Partite le procedure per l'identificazione dei 182 corpi ancora senza nome. Si parte con le foto, si arriva fino all'esame del dna. "Operazione di polizia, ma anche di umanità"

Roma – 2 ottobre 2014 – I naufragi del 3 e 11 ottobre 2013 davanti a Lampedusa hanno restituito centottantadue corpi ancora non identificati. A un anno di distanza, si cerca di dare un nome ai morti e un pietra su cui piangere ai loro familiari.

Decine di persone, soprattutto rifugiati residenti ora nei paesi dell'Europa settentrionale e centrale, stanno arrivando in Italia per ritrovare figli, fratelli e sorelle inghiottiti dal mare. Sono state contattate dal 'Comitato 3 ottobre', che sta collaborando con il ministero dell'interno in questa operazione e contribuisce all'accoglienza e alle spese per gli eventuali esami del dna.

Ai familiari, assistiti da psicologi e mediatori culturali, la polizia  mostra le foto scattate dalla scientifica quando sono stati ritrovati i corpi. Migliaia di immagini dei morti, ma anche dei loro vestiti e di quello che avevano nelle tasche: elementi che potrebbe essere utili a capire chi erano.

“Con metodologie scientifiche appropriate applicate ai diversi casi -attraverso l'analisi di segni, impronte dentali ma a volte anche tatuaggi- si procede a un sospetto di identità. Si approfondisce quindi il caso con altre metodologie e ricerche, fino al tampone boccale e al Dna" spiega Vittorio Piscitelli, commissario straordinario del governo per le persone scomparse.

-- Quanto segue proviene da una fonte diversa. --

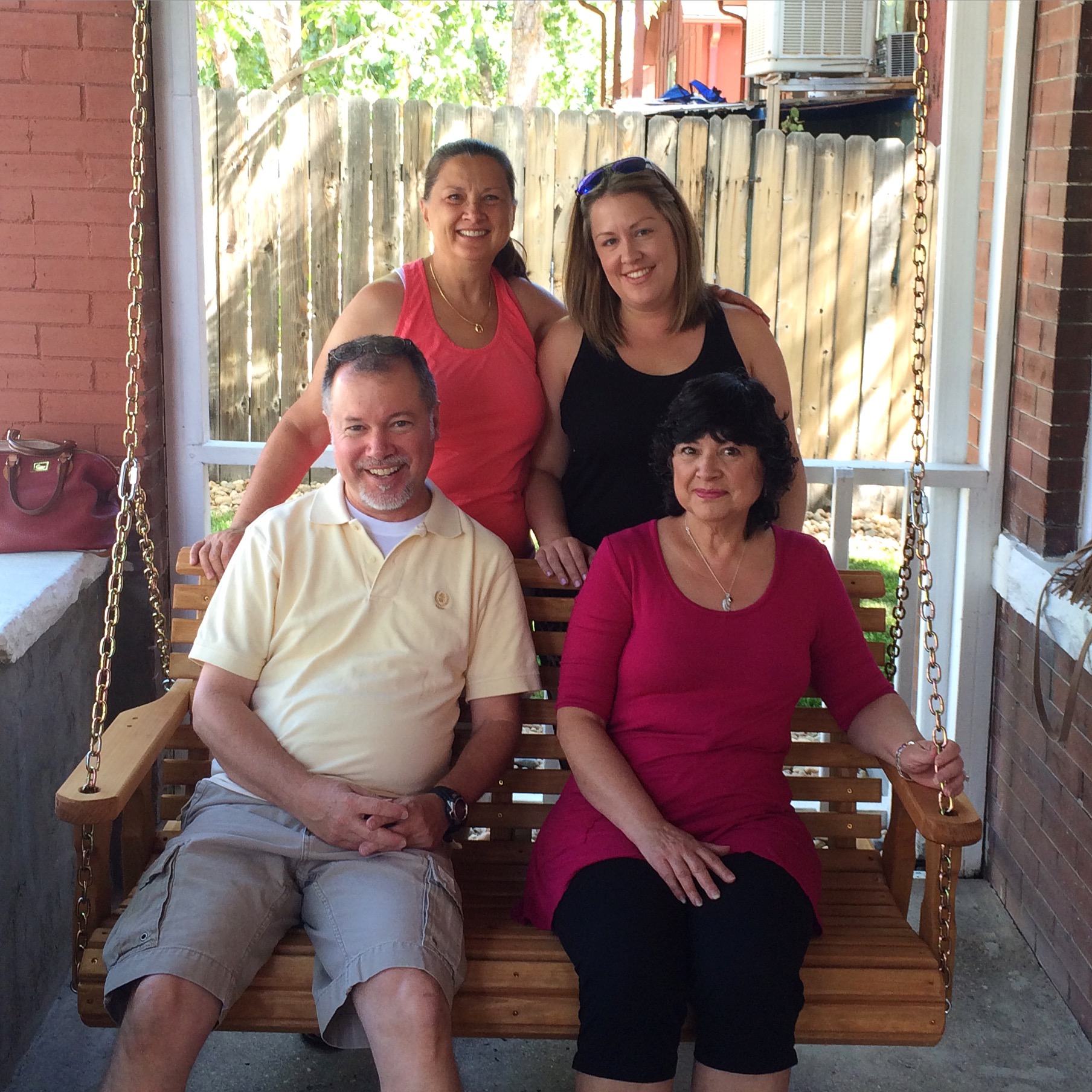 My mom’s actual birthday was yesterday so everyone met at my house at 10 AM, then present unwrapping — Bean, Joey and I got her a gift card to the Denver Performing Arts Center and a Le Creuset cast-iron skillet — and family photo-taking ensued. I’d like to point out that all four of those people are the exact same height. Okay and maybe I’m that exact same height too… P.S. Please note my new porch swing which I believe officially got approved by the whole group. I LOVE IT.

“È un fatto di polizia – sottolinea il prefetto – ma anche di umanità. Gli psicologi aiutano le famiglie ad affrontare la prova, perché riconoscere un proprio familiare da una foto e da altri dati, è un'operazione delicata".

Quando si arriva all'identificazione, i familiari possono finalmente andare nel cimitero dove è sepolto il loro caro, in pellegrinaggio sulla tomba che non ha più un numero, ma un nome.